Detecção de casos. Foi empregado o método da busca ativa de casos, contando-se com a participação efetiva dos professores da rede de ensino público que, após receberem treinamento, fizeram uma triagem dos estudantes, identificando aqueles que apresentavam quaisquer alterações na pele. Em seguida, para a definição diagnóstica, foi realizado o exame clínico, pela equipe de pesquisa, de todos os selecionados na etapa anterior, sendo os dados anotados em fichas específicas.

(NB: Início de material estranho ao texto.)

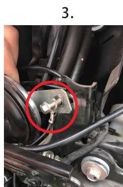
3. 將接地線接頭鎖附在喇叭支架螺絲孔上 Put Ground Wire connector on the screw of horn bracket.
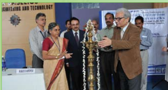
Inauguration of CoMNet 2010

The conference aimed at providing a forum for Researchers, Industrial Professionals and Academicians to discuss the recent developments in optical, microwave and wireless communications, broadband networks, sensor networks, network architectures and protocols, network security and so on.
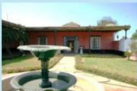
Montalban Plantation house
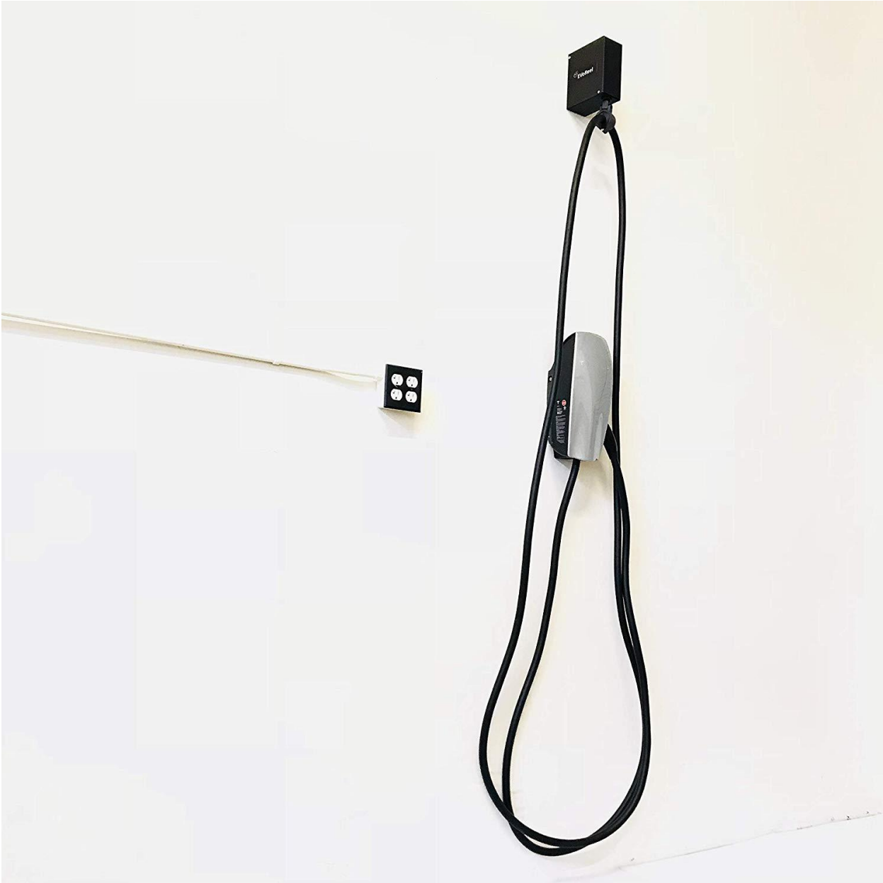
Figure 2-4 Example of installed product
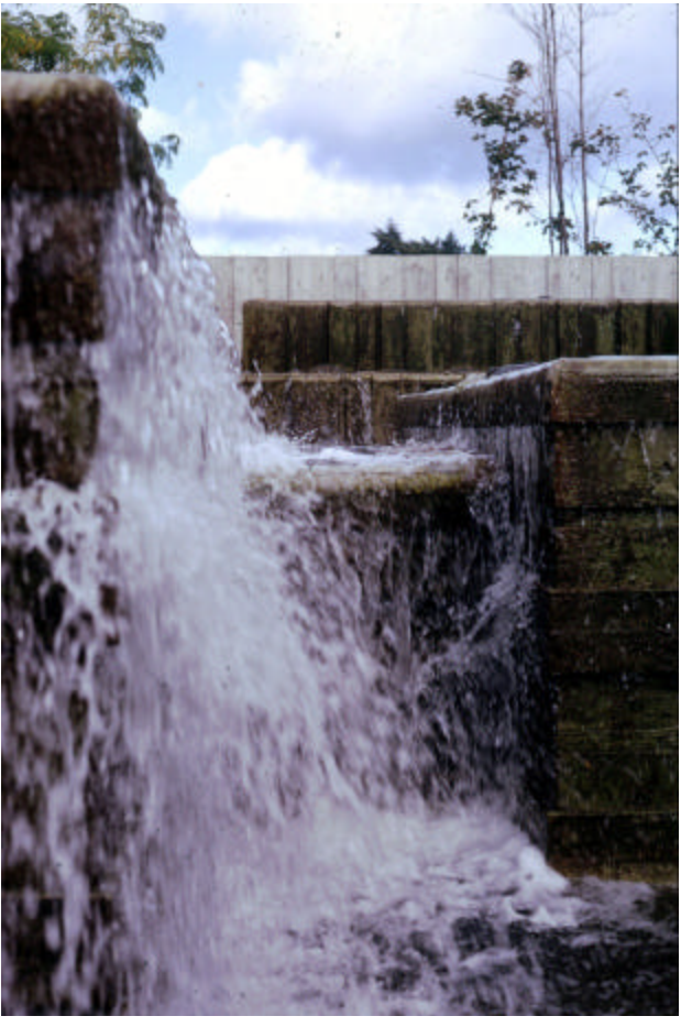
Water Garden, 1972
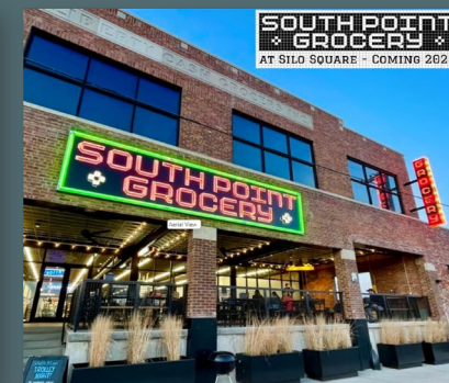
GROCERY STORE 2025
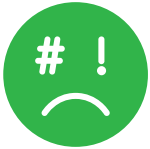
Self-Harm & Suicide
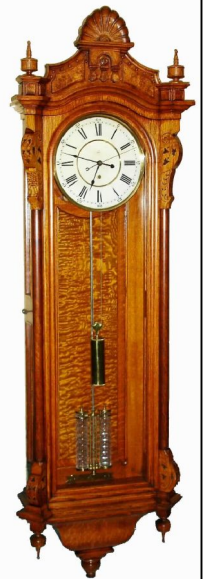
Seth Thomas Regulator #19

O diagnóstico de hanseníase foi definido com base na existência de alterações da coloração e/ou da sensibilidade ao exame clínico. Linfa cutânea foi coletada dos estudantes com lesões compatíveis com hanseníase, procedendo-se à coloração do material pelo método de Ziehl-Nielsen. A contagem dos bacilos seguiu a fórmula estabelecida por Ridley e Jopling9.

Parte destes pacientes foi submetida à biópsia de pele, tomada na parte interna da borda da lesão, utilizando-se punch de 5mm de diâmetro após assepsia e anestesia do local. O material biopsiado foi acondicionado em recipiente de plástico, contendo formol a 10% até o processamento laboratorial e leitura.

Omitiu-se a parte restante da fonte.